Evaluation
Golden Dataset
What Is a Golden Dataset?
A golden dataset is a curated set of question-and-answer pairs that represents the queries your system should be able to answer correctly. It serves as the ground truth for evaluating retrieval quality — the benchmark against which Vedana’s responses are measured. You can use the golden dataset we prepared at: Grist
Or you can prepare a golden dataset of your own.
Each entry in the golden dataset contains a question as a user would ask it, and the expected correct answer. During evaluation, Vedana sends each question through the full retrieval pipeline and compares the result against the expected answer.
A well-constructed golden dataset should:
- Cover the main question types your users will ask
- Include both structured questions (specific values, dates, names) and open-ended questions (explanations, summaries, policies)
- Reflect real or realistic phrasing, not idealized input
- Include edge cases and questions that are likely to stress retrieval boundaries
The golden dataset is not a test of the language model’s general ability. It is a test of whether the graph is correctly structured, whether the right data was ingested, and whether the retrieval tools are selecting the right information.
How to Start a Test
1. Prepare the golden dataset
Create a table with two columns: question and expected_answer. Each row is one evaluation pair.
Example:
| question | expected_answer |
|---|---|
| Who likes Quokkas? | Geneva Durben |
| What are Geneva Durben’s interests? | Quokkas, Slide Rules, Mosaic, Eating Disorders, Tantric, Marrakesh |
| Which people are interested in Joshua Trees? | Flo Zaugg, Nathen Saadia |
Keep expected answers concise and factual. For structured questions the answer should match the exact value stored in the graph. For document-based questions the answer should capture the key information a correct response would contain.
2. Upload the golden dataset to Grist
Upload your golden dataset table to Grist during the initial setup step (see step 5 of the Quickstart). It should be added as its own table, separate from your domain data and data model.
3. Run ETL
The golden dataset is loaded into the evaluation pipeline during ETL.
- Navigate to the ETL section > main tab, and run the pipeline by clicking ‘Run Selected’.
- Ensure ETL has completed successfully before running a test, including data model load, data load, and embedding generation.
4. Trigger an evaluation run
Open the Backoffice at http://localhost:8000, navigate to the ETL section, and trigger a metrics run. Open eval tab in ETL section and start evaluation pipeline by clicking ‘Run Selected’. The pipeline will iterate over each question in the golden dataset, send it to the chat endpoint, and record the response alongside the expected answer.
How to Evaluate Metrics
Once ETL is complete and the chat endpoint is responding, run the evaluation pipeline from the Backoffice. Navigate to the Evaluation (Eval) section and trigger a metrics run:
- In Golden QA Dataset window select questions.

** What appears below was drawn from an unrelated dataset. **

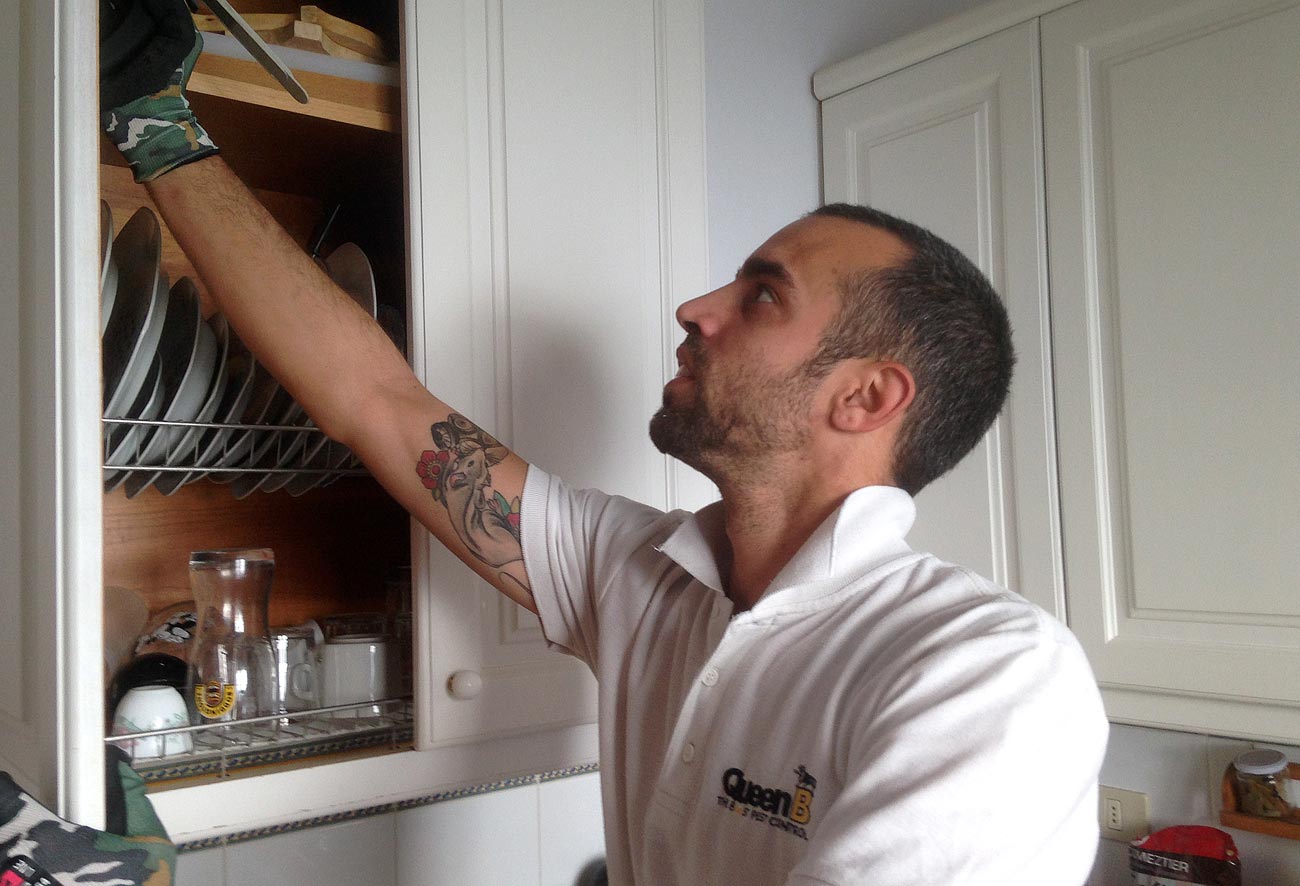 Fig 1. Luca Genicco realizando un tratamiento contra cucarachas en una vivienda particular./ Luca Genicco 03-2017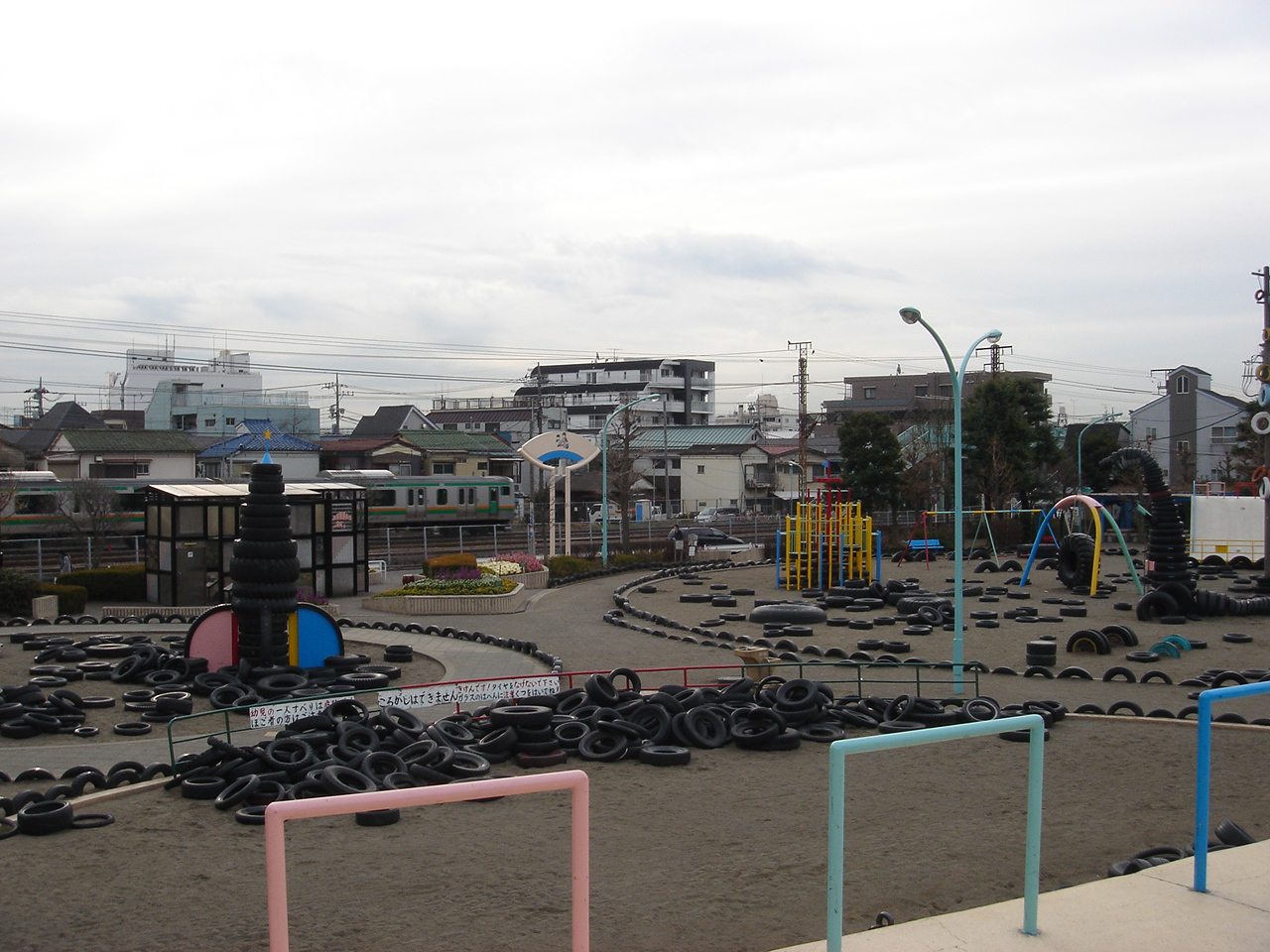 JR京浜東北線、川崎〜蒲田の間にある「タイヤ公園」。

- Check Judge Configuration and Pipeline Configuration.
- Refresh Data Model.
- Start metrics run by clicking ‘Run Selected’.
The pipeline will:
- Iterate over each question in the golden dataset
- Send it to the chat endpoint
- Compare the response against the expected answer
- Compute retrieval metrics
Hit Rate
The primary metric is Hit Rate — the proportion of questions for which the correct answer was retrieved. It is expressed as a value between 0 and 1, where 1.0 means every question returned the correct answer.
A hit rate above 0.8 is generally considered a good baseline for a well-modeled domain. Below 0.6 indicates systematic retrieval problems that need to be addressed before the system is production-ready.
Per-question breakdown
In addition to the aggregate score, the evaluation output includes a per-question breakdown showing which questions passed, which failed, and what the system returned. Use this to identify patterns in failures rather than treating hit rate as a single number to optimize.

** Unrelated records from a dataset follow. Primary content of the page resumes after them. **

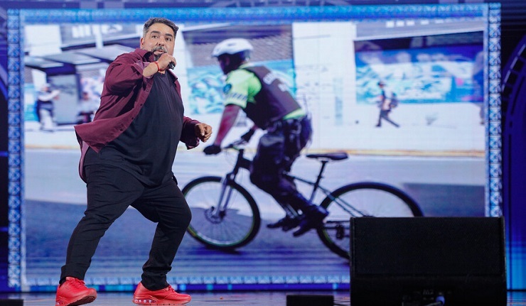 El comediante nacional desató carcajadas en el público al ironizar sobre la seguridad en la céntrica comuna, aprovechando de comentar la labor de Carabineros.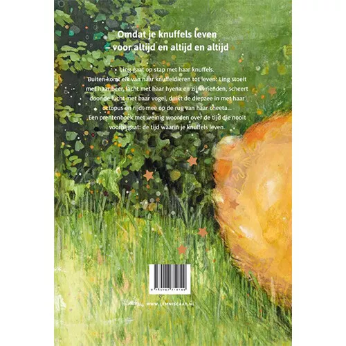 Ling gaat naar buiten, alleen. Hoewel… ze heeft al haar knuffels bij zich. In een prentenboek waarin nauwelijks woorden nodig zijn, gaat de fantasie met Ling aan de haal. Elk van haar knuffeldieren komt tot leven: ze stoeit en knuffelt met haar beer, lacht met haar hyena en zijn vrienden, scheert door de lucht met haar vogel, duikt de diepzee in met haar octopus en rijdt mee op de rug van haar cheeta… Je voelt de wind en het water, de snelheid, de dierenlijven, de vriendschap en de vrijheid.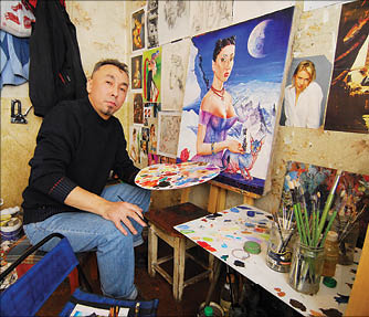 Айбека РОЗАКОВА (на снимке) женщины вдохновляют и... побаиваются. Уж слишком буйное у художника воображение и специфические фантазии. Айбек, как и положено настоящему гению, малюет шедевры в крохотном подвале под шелест канализационных труб.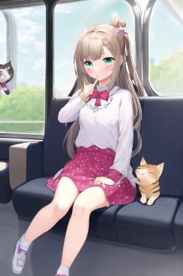 masterpiece, best quality, extremely detailed, anime, girl, <lora:flat2:-0.35> <lora:hairdetailer:0.5> mammy_girl.sitting .finger up at face in cute(cat_pattern print )(shirt) in cuteskirt .star_shapedneck. cuteaccessory . with cat. in dynamic_train ,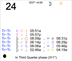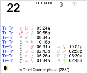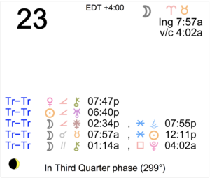 Today's Moon: The Moon is in Aries. There is no void Moon period today. The Moon is waning and in its Last Quarter phase. The Last Quarter Moon occurred on the 20th. Retrogrades: … [Read more...]

Common failure patterns and what they indicate:
| Pattern | Likely cause |
|---|---|
| Structured questions failing (names, dates, values) | Anchor or attribute missing from data model, or ETL did not complete |
| Document questions failing | Poor chunking, missing embeddings, or wrong playbook tool selection |
| A whole category of questions failing | Playbook routing the wrong intent to the wrong tool |
| Inconsistent results across similar questions | Embed threshold too low or too high for semantic search fields |
Iterating on results
Evaluation is most useful as an iteration loop, not a one-time check. After identifying failure patterns:
- Adjust the data model, playbook, or chunking configuration in Grist
- Re-run ETL
- Re-run the evaluation
- Compare hit rate before and after
Each iteration should be targeted — change one thing at a time so the effect of each adjustment is measurable. Adding questions to the golden dataset over time, particularly questions derived from real user queries, will make the benchmark progressively more representative of production behavior.